OK MACKER let me explain: When a FOMECUKERJIVEARAVER mates with a CUCOODOMENSEAITERMACKADOO they produce this unusual species of Green Beaked DOO-DOO- Black - PEE PEEs Now this is a  Duck that migrates from Cuba every time the climate turns up-side-down What is noted so unusual about this bird is that when you mix him in with your decoys his GREEN BEAK seems to only attract  GREEN WING TEALop2: actually this is highly unusual that a Diving Duck has ever been attracked to this GREEN BEAK??? So, not only did the Ole Preacher have GREEN WINGS on him all morning but also has the First Reported case of these Divers being attracted to the GREEN BEAK- I think I'm on something!!! Now I will sell you one of these GREEN BEAK DECOYS but I'm not sure you got the $$$$$$ Mind you though , don"t wait too long cause the PRICE is fixing to sky-rocket after this post!!!!!  Well until my next pictures of Thursdays hunt ----May The GREEN BEAKS rule


----------



## emusmacker (Dec 29, 2014)

mlandrum said:


> OK MACKER let me explain: When a FOMECUKERJIVEARAVER mates with a CUCOODOMENSEAITERMACKADOO they produce this unusual species of Green Beaked DOO-DOO- Black - PEE PEEs Now this is a  Duck that migrates from Cuba every time the climate turns up-side-down What is noted so unusual about this bird is that when you mix him in with your decoys his GREEN BEAK seems to only attract  GREEN WING TEALop2: actually this is highly unusual that a Diving Duck has ever been attracked to this GREEN BEAK??? So, not only did the Ole Preacher have GREEN WINGS on him all morning but also has the First Reported case of these Divers being attracted to the GREEN BEAK- I think I'm on something!!! Now I will sell you one of these GREEN BEAK DECOYS but I'm not sure you got the $$$$$$ Mind you though , don"t wait too long cause the PRICE is fixing to sky-rocket after this post!!!!!  Well until my next pictures of Thursdays hunt ----May The GREEN BEAKS rule



1st off preacher, please stop typing in the different colors.  
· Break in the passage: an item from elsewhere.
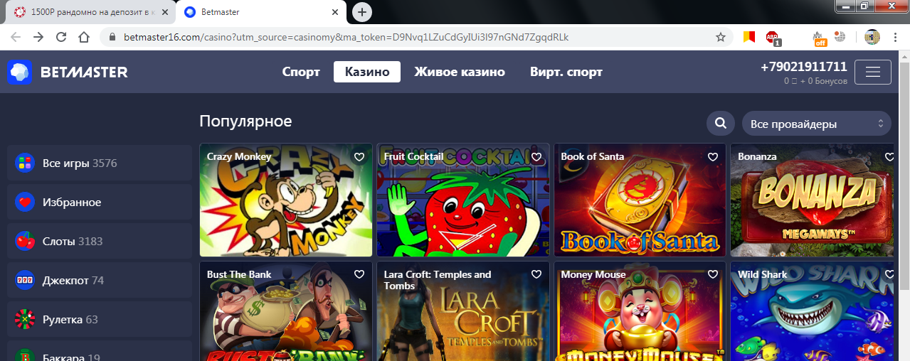 1. Перейти по ссылке из этой темы в казино BetMaster

2nd, thanks but I'm set on dekes.  And it really don't take anything special to decoy a merganser.  heck even a Crush orange soda bottle will decoy a merganser, so it's really not that awesome that you had a couple mergs come into your spread.
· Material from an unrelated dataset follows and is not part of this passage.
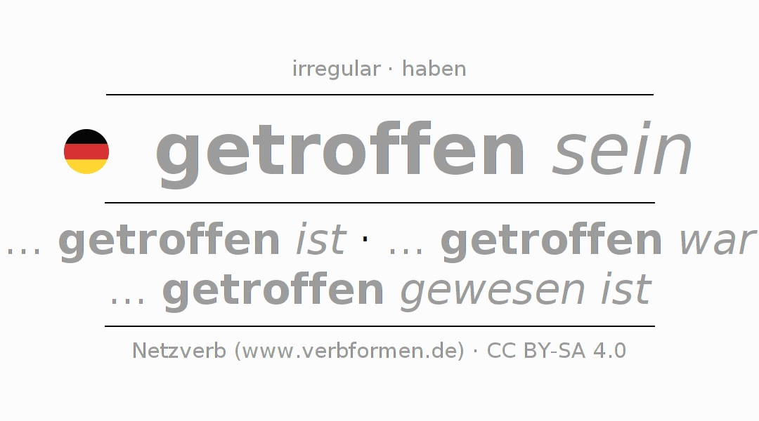 The conjugation of treffen in Participle Present Perfect part of speech Statal Passive is getroffen seiend, getroffen gewesen.The conjugation corresponds to certain grammatical rules. Likewise the requirements for the conjugation of the simple verb forms of treffen in Participle. Comments ☆

I was just wondering what the green bill was all about, didn't know if it was a joke or if whoever painted them really didn't know what a duck looks like, that's all I was asking.


----------



## king killer delete (Dec 29, 2014)

Getting very close to a TAC Violation


----------



## nighthawk1122 (Dec 29, 2014)

Nice!


----------



## 10gaMafia (Dec 29, 2014)

Now we are worried about what color font?   Great hunt.  Wish I had a limit of hoodies and 2 teal on a solo hunt.  Good shootin


----------



## Hooked On Quack (Dec 29, 2014)

Once again ,


----------



## emusmacker (Dec 30, 2014)

Not worried about what color font anyone types in, just harder to read sometimes.  I wasn't trying to be condescending. 
nothing at all wrong with a pair of mergs and teal.  many times on a solo hunt I'm satisfied with 1 teal or a pair of ducks period.


----------



## across the river (Dec 31, 2014)

emusmacker said:


> Actually a wood duck is faster than a teal.
> 
> what type of duck has a green bill?  I notice a decoy painted with a green bill.



According to another one of the gentleman's posts and his accompanying pictures, the decoy is painted to mimic a Pacific Black Duck.  They are native to Australia and New Zealand.


----------



## duckyaker90 (Dec 31, 2014)

Y'all find somewhere else to play.


----------



## emusmacker (Dec 31, 2014)

I like playing here.


----------



## mattech (Dec 31, 2014)

Congrats


----------